[RFC PATCH 0/8] ULLS for kernel submission of migration jobs

Tue Sep 17 14:39:01 UTC 2024

On Tue, Sep 17, 2024 at 08:59:10AM +0200, Thomas Hellström wrote:
> Hi, Matt
> 
> On Mon, 2024-09-16 at 13:55 +0000, Matthew Brost wrote:
> > On Mon, Aug 12, 2024 at 05:26:26PM +0000, Matthew Brost wrote:
> > > On Mon, Aug 12, 2024 at 10:53:01AM +0200, Thomas Hellström wrote:
> > > > Hi, Matt,
> > > > 
> > > > On Sun, 2024-08-11 at 19:47 -0700, Matthew Brost wrote:
> > > > > Ultra low latency for kernel submission of migration jobs.
> > > > > 
> > > > > The basic idea is that faults (CPU or GPU) typically depend on
> > > > > migration
> > > > > jobs. Faults should be addressed as quickly as possible, but
> > > > > context
> > > > > switches via GuC on hardware are slow. To avoid context
> > > > > switches,
> > > > > perform ULLS in the kernel for migration jobs on discrete
> > > > > faulting
> > > > > devices with an LR VM open.
> > > > > 
> > > > > This is implemented by switching the migration layer to ULLS
> > > > > mode
> > > > > upon
> > > > > opening an LR VM. In ULLS mode, migration jobs have a preamble
> > > > > and
> > > > > postamble: the preamble clears the current semaphore value, and
> > > > > the
> > > > > postamble waits for the next semaphore value.
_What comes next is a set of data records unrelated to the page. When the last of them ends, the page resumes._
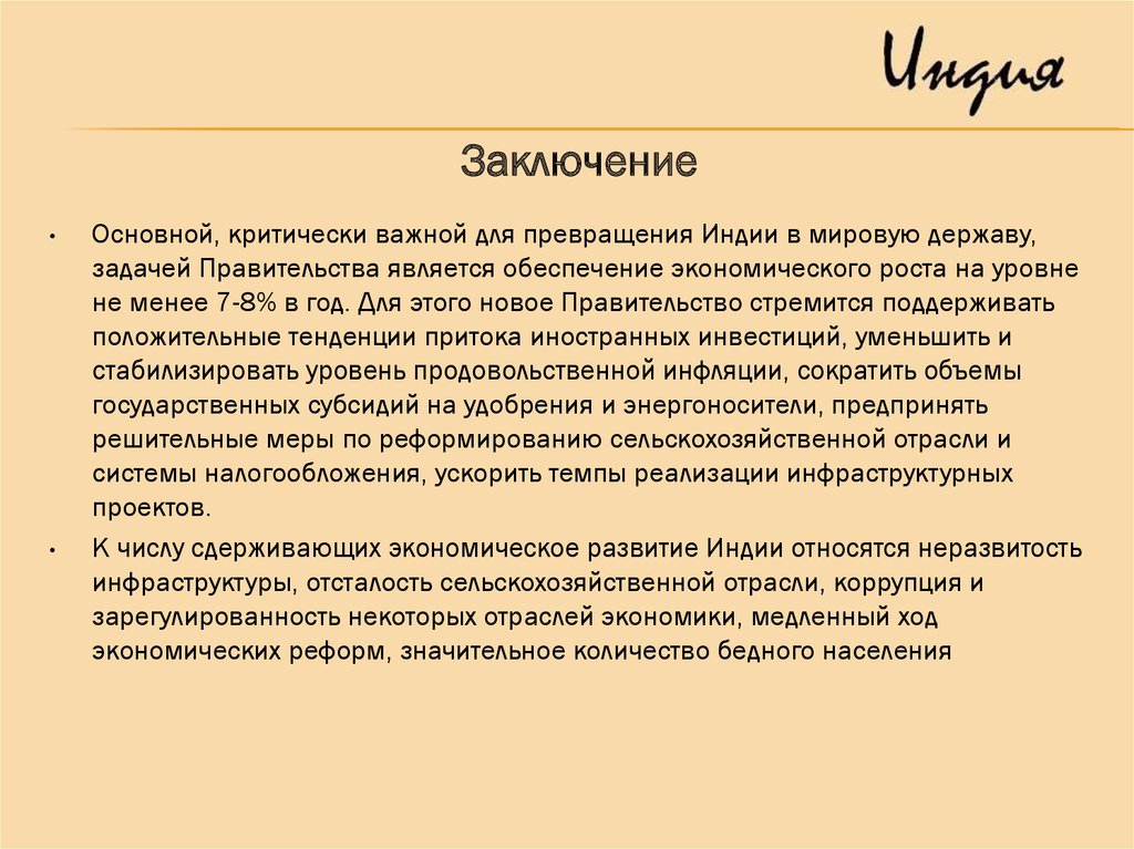 ЗаключениеОсновной, критически важной для превращения Индии в мировую державу,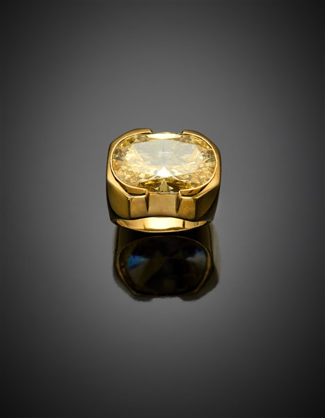 Anello in oro giallo con zirconia cubica ovale gialla di ct. 14 circa, g 12,70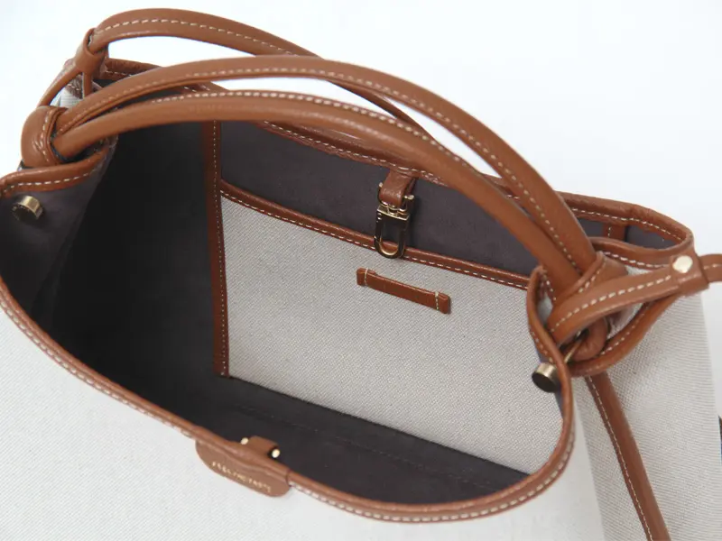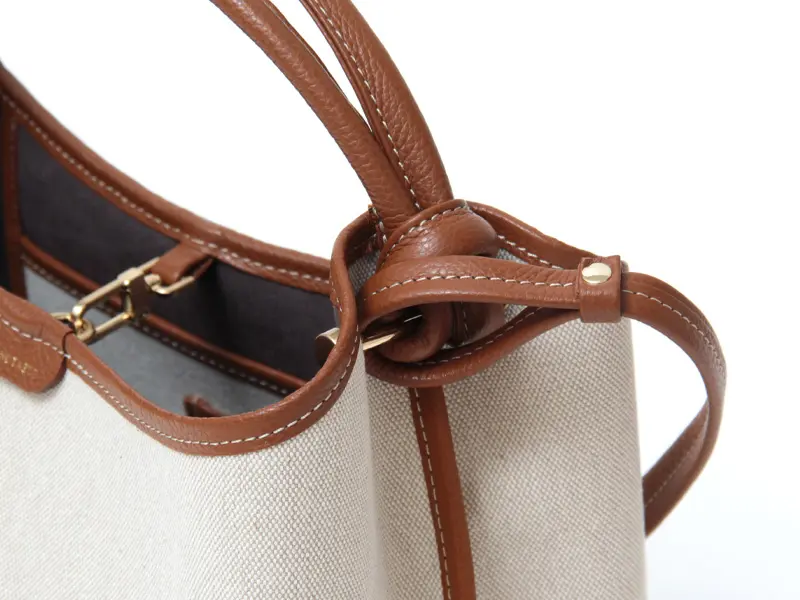 ナチュラルな風合いのボンディングキャンバス素材。コットンバッグの中でも、落ち着きがあり深みのある色味が特徴です。シワになりにくく、耐久性にも優れており、品のあるカジュアルな雰囲気を演出してくれます。

Each job
> > > > > submission
> > > > > sets
> > > > > the current semaphore in memory, bypassing the GuC. The net
> > > > > effect is
> > > > > that the migration execution queue never gets switched off the
> > > > > hardware
> > > > > while an LR VM is open.
> > > > > 
> > > > > There may be concerns regarding power management, as the ring
> > > > > program
> > > > > continuously runs on a copy engine, and a force wake reference
> > > > > to a
> > > > > copy
> > > > > engine is held with an LR VM open.
> > > > > 
> > > > > The implementation has been lightly tested but seems to be
> > > > > working.
> > > > > 
> > > > > This approach will likely be put on hold until SVM is
> > > > > operational
> > > > > with
> > > > > benchmarks, but it is being posted early for feedback and as a
> > > > > public
> > > > > checkpoint.
> > > > > 
> > > > > Matt
> > > > 
> > > > The main concern I have with this is that, at least according to
> > > > upstream discussions, pagefaults are so slow anyway, a performant
> > > > stack
> > > > needs to try extremely hard to avoid them using manual prefaults,
> > > > and
> > > > if we hit a gpu pagefault, we've lost anyway and any migration
> > > > latency
> > > > optimization won't matter much.
> > > > 
> > > 
> > > I agree that if pagefaults are getting hit all the time we are in
> > > trouble wrt to performance but that doesn't mean when they do occur
> > > we
> > > shouldn't try to make servicing them as fast as possible.
> > > 
> > 
> > Okay, there is definitely something to this. I have an SVM test that
> > serially bounces (i.e., each bounce results in a GuC context switch)
> > a
> > 2M allocation via fault about 1,000 times between the CPU and GPU. I
> > applied this series and added a modparam to enable/disable ULLS to
> > the
> > tip of my latest working branch [3].
> > 
> > Without ULLS enabled, the test on average took about 3 seconds on
> > BMG.
> > With ULLS enabled, the test on average took 2 seconds. I was
> > expecting a
> > small gain, but this is significant. Other similar sections I have
> > seen
> > a speed nearing twice as fast. It seems to indicate that this series
> > is
> > definitely worth pursuing.
> > 
> > Also note that any operation using the migrate engine will see gains
> > (e.g., clearing BOs, prefetches, eviction) in terms of latency.
> 
> I'm still concerned about adding this, and if we do we should only use
> it as a last resource if we see significant performance improvements in
> real-world applications. Historically all the latency optimizations was
> what screwed up the maintainability of the i915 driver and I think we

I agree real-world application performance is the acceptance criteria
and maintainability is always a concern. FWIW I thinks this series is a
clean implementation so maintainbility from PoV it not a huge concern.
If it created all sorts of new concepts I'd be concerned but it doesn't
- it largely fits in the already defined layers rather nicely.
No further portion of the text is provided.